[HN Gopher] Recursively Summarizing Enables Long-Term Dialogue M...
       ___________________________________________________________________
        
       Recursively Summarizing Enables Long-Term Dialogue Memory in LLMs
        
       Author : PaulHoule
       Score  : 122 points
       Date   : 2023-09-02 17:08 UTC (5 hours ago)
        
 (HTM) web link (arxiv.org)
 (TXT) w3m dump (arxiv.org)
        
       | yieldcrv wrote:
       | 7 people got together and wrote this paper
       | 
       | Can someone summarize why this is different/better/more important
       | than what we've seen 4 months ago with AutoGPT or even longer ago
       | with the guy who got ChatGPT to make a compression algorithm that
       | other ChatGPT sessions could read and resume conversations from
        
         | [deleted]
        
         | keskival wrote:
         | It seems to be exactly the same as what everyone has been doing
         | for a long time already, and they fail in citing existing
         | implementations.
        
         | codefreakxff wrote:
         | I haven't read it yet to be certain, but my impression is that
         | rather than using lossless compression of entire chats, this
         | uses lossy summarization to get the gist of chats. There will
         | be tradeoffs between the two methods, hopefully this paper
         | covers that.
        
       | Nevermark wrote:
       | This is a little sideways to the article/discussion.
       | 
       | The short memory is a real limitation, but I have noticed most
       | critiques of GPT-4's abilities apply as much, or more, to humans.
       | 
       | I don't think anyone alive could convince me they were GPT-4 in a
       | Reverse Turing Test situation. GPT-4's fast organized responses
       | alone hammer human abilities.
       | 
       | But even a team of humans, with 60 minutes to answer each
       | question, could find it difficult to match GPT-4's responses to
       | interesting queries. It would be a fun competition.
        
       | wintermutestwin wrote:
       | Probably my ignorance talking, but I don't understand why there
       | isn't a layer on top of an LLM that uses good old computer logic
       | to keep track of and validate data.
       | 
       | I am baffled by the fact that when I ask ChatGPT to look up some
       | stock data (for example) it spits out errors. How does it not
       | have a built in ability to check its own output?
        
         | a-r-t wrote:
         | Because if you had a logic layer capable of validating LLM's
         | output, you wouldn't need the LLM.
        
           | ben_w wrote:
           | I think we still need an LLM to enable the system as a whole
           | to understand vague and half-baked human input.
           | 
           | I can easily ask an LLM to write be a function in a random
           | programming language, then feed the output to a compiler, and
           | pipe errors from the compiler back to the LLM.
           | 
           | What doesn't work so well is typing "pong in java" into a
           | bash shell.
           | 
           | This isn't a perfect solution (not even for small projects),
           | but it does demonstrate that automated validation can improve
           | the output.
        
           | kendalf89 wrote:
           | Even something as simple as censoring swear words would be in
           | line with what openAI are trying to accomplish but they keep
           | lobotomizing the model instead.
        
         | tomr75 wrote:
         | people have built their own solutions to validate data like
         | this
         | 
         | won't be one size fits all due to various types of data - and
         | if you could validate all types - why do you need the llm!
        
         | jamilton wrote:
         | What do you mean by "check its own output"?
        
       | m3kw9 wrote:
       | This wouldn't work for ChatGPT right? All it cares about is the
       | input context
        
         | hansvm wrote:
         | ChatGPT is used in the paper. The problem they're solving is
         | how to throw a loop around the LLM (like ChatGPT) to generate
         | an appropriate input context.
        
       | ipnon wrote:
       | Very interesting academies these researchers are based at ...

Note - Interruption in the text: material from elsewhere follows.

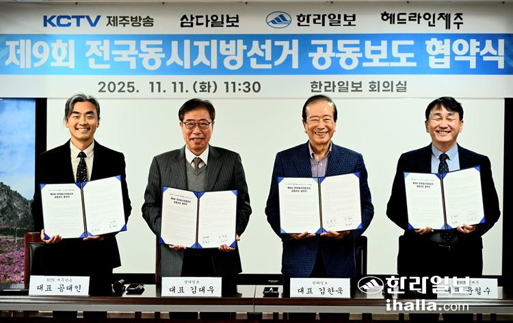 지난해 11월에 열린 한라일보와 삼다일보, KCTV제주방송, 헤드라인제주 등 제주지역 대표 언론 4사 \\\\\\\'제9회 전국동시지방선거 공동보도 협약식\\\\\\\'. 왼쪽부터 공대인 KCTV제주방송 대표, 김대우 삼다일보 대표, 김한욱 한라일보 대표, 윤철수 헤드라인제주 대표. 강희만기자
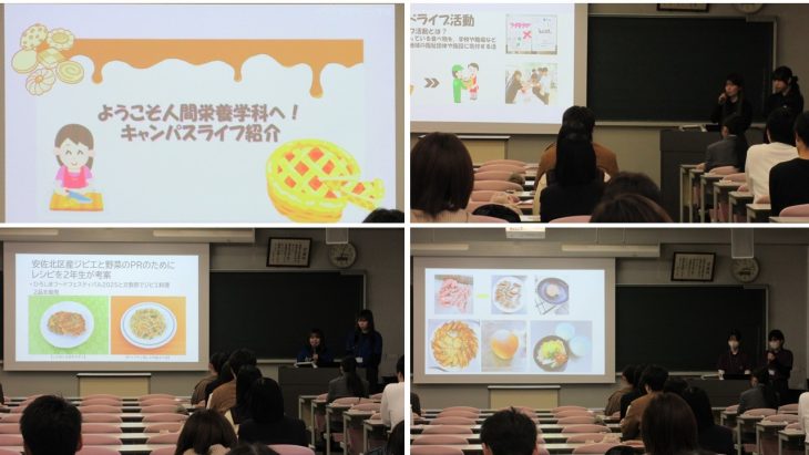 人間栄養学科の学科別イベントは、「見て、聞いて、知ろう!人間栄養学科のキャンパスライフ」をテーマに3部構成で行いました。

       | makes you wonder what kind of new applications this research
       | enables.
        
         | Philpax wrote:
         | What are you saying?
        
       | MadsRC wrote:
       | This seems very close to Langchain's "summary" memory
       | functionality (which seems to have existed since March 2023?) -
       | granted I haven't read the paper just yet
        
       | kgeist wrote:
       | I tried to build memory using recursive summarization months ago
       | using open source models and what I found is that with a naive
       | implementation, it would often get stuck on a certain topic
       | forever because certain bits would survive all summarization
       | rounds.
        
         | washadjeffmad wrote:
         | Yeah, unless this substantially mitigates amplification, even
         | when using manual chunk sizing on known materials, the context
         | still hangs onto its "dying thoughts" in a way that remarkably
         | resembles Alzheimer's.
        
           | cushpush wrote:
           | plaque buildup?
        
         | keskival wrote:
         | You can just advice it to forget (that is, skip in
         | summarization) things which seem irrelevant.
        
           | BoorishBears wrote:
           | Or you could use techniques from the 1970s that let you skip
           | the kind of highly repetitive text that causes them to get
           | stuck without losing important concepts (IDF)
        
         | arketyp wrote:
         | Reminds me of a "bad trip" or OCD patterns. I sometimes think
         | about how little it takes to derail the human mind, by trauma
         | or ontogenically, and how wishful the idea of a human-like AI
         | then seems.
        
       | TuringNYC wrote:
       | A bit of personal anecdote -- at work, we have thousands of
       | "Briefings" which are hour-long (sometimes day-long) in-person
       | panels. We've successfully summarized each and every briefing.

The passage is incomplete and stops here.